SMOKED SALMON WITH APPLE & WATERCRESS SALAD & HORSERADISH CREAM
SERVES 4 AS A STARTER
FOR THE SALMON
400g best Scottish smoked salmon
4 lemon wedges
FOR THE HORSERADISH CREAM
40g freshly grated horseradish (or tsp wasabi paste)
90ml Graham’s Gold double cream
FOR THE SALAD
1 Green eating apple, skin on
150g watercress, thick stalks removed
100g frisee lettuce
A few micro greens (cress, coriander shoots, amaranth shoots)
FOR THE DRESSING
2 tbsp diced cooked beetroot
4 tbsp olive oil
1 tbsp white wine vinegar
1 tbsp chopped chives
Cut the smoked salmon into fairly thick slices – about four per person. Arrange on individual plates.
For the horseradish cream, whip the cream in a bowl then stir through the horseradish. Set aside.
Cut the apple into quarters and remove the core. Carefully slice each quarter into thin matchsticks, leaving the skin on. Add the watercress and frisee to the horseradish cream and add the apple matchsticks. Toss everything together using a fork, until coated in the horseradish cream.
For the beetroot dressing, whisk the oil and vinegar together, add the beetroot and chives and stir.
To serve, place a portion of tossed, dressed salad on top of each plate of smoked salmon and top with micro herbs. Spoon the beetroot dressing around the plate. Serve with a wedge of lemon per plate.
NICK’S MOULES MARINIERE
1kg Scottish mussels
200g shallots, extremely finely diced
4 sprigs thyme, leaves only
50ml dry white wine
juice of half a lemon
pinch Maldon sea salt
50ml Graham’s Scottish double cream
20g parsley, finely chopped
half baguette, to serve
Discard any mussels with broken shells, and give any open ones a tap on the counter to make sure they slowly begin to close up – if not, discard.
Next, remove the beards by giving them a good tug. If there are any obvious barnacles attached to the shells, tap with a knife to remove.
Place the de-bearded mussels in a bowl and fill with cold water. Shake around and rinse them using your hands.
Drain, re-fill and repeat until no more grit or debris comes off. Drain into a colander and use straight away.
Next heat a large saucepan (a round-based saucier pan is ideal) with a lid. Add the mussels, shallots, thyme, white wine, pinch of salt and lemon juice. Slam on the lid and leave to return to the boil and steam the mussels – only 2-3 mins, giving a shake half way through. Not everyone uses lemon juice for moules mariniere, but I think it cuts through the cream sauce nicely and adds a citrus zing.

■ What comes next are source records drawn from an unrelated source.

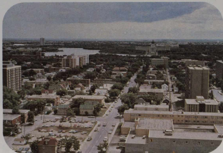
Panorámica de Regina, capital de la provincia.

En 1872, el Gobierno Canadiense ofreció tierra gratis a quien la quisiese, y atraídas por esta oferta, vinieron personas de todo el mundo a la provincia. Con ellas vino la ley, la Policía Montada del Noroeste, y cuando se instituyó la ley, llegaron más colonizadores.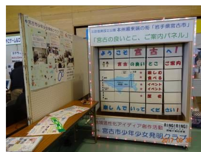
作品発表会（宮古市産業まつり）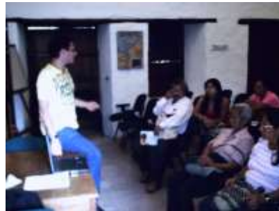
Fotografía N° 27,28,29 y 30. Primer Charla con el Cabildo Yanacona Fotos tomadas por: Claudia Ximena Pérez Cali – Valle del Cauca – 3 de Julio de 2010, Artesanías de Colombia S.A.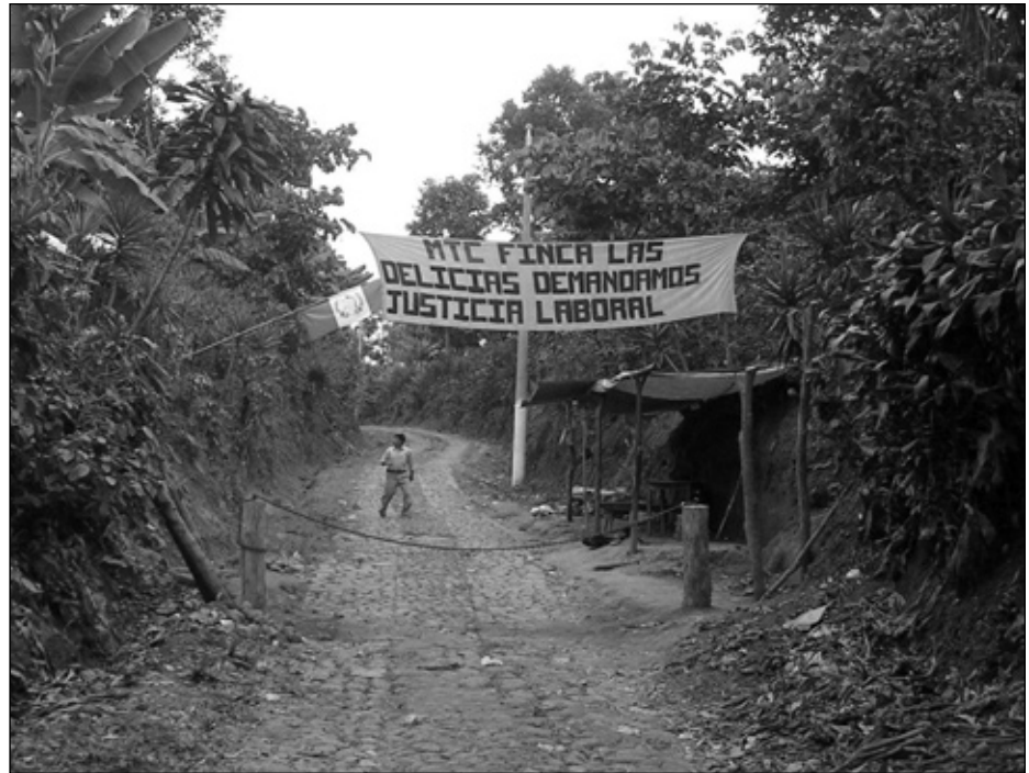
Pancarta del Movimiento de los Trabajadores Campesinos (MTC) en la finca Las Delicias en San Marcos.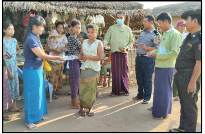
ဝှမြို့နယ်တွင် မုန်တိုင်းဘေး ပညာပေးလက်ကမ်းစာစောင်များ ဖြန့်ဝေ၊ အသိပညာပေးခြင်းများဆောင်ရွက်နေမှု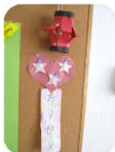
お部屋にもひとつ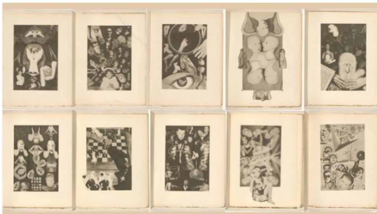
Figura 3: Claude Cahun, Conjunto de dez colagens parte do livro Aveux non avenues .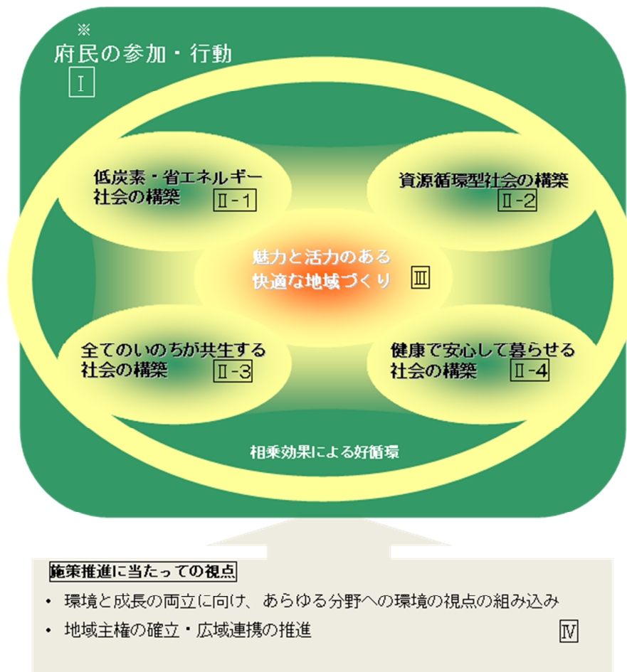
環境総合計画に定める各分野の関連についての概念図

また、環境総合計画に基づく進行管理の方法を検討し、新たな方法による計画の進行管理を実施しました。

Lift the lid, add the cream and parsley and let bubble, lid off, for a minute or two more.
Using a draining spoon, lift out the cooked mussels into your serving dish, discarding any than haven’t opened. Now heat the cream sauce for a minute to thicken slightly.
Pour over the mussels and serve immediately with warmed slices of baguette to dip into the sauce.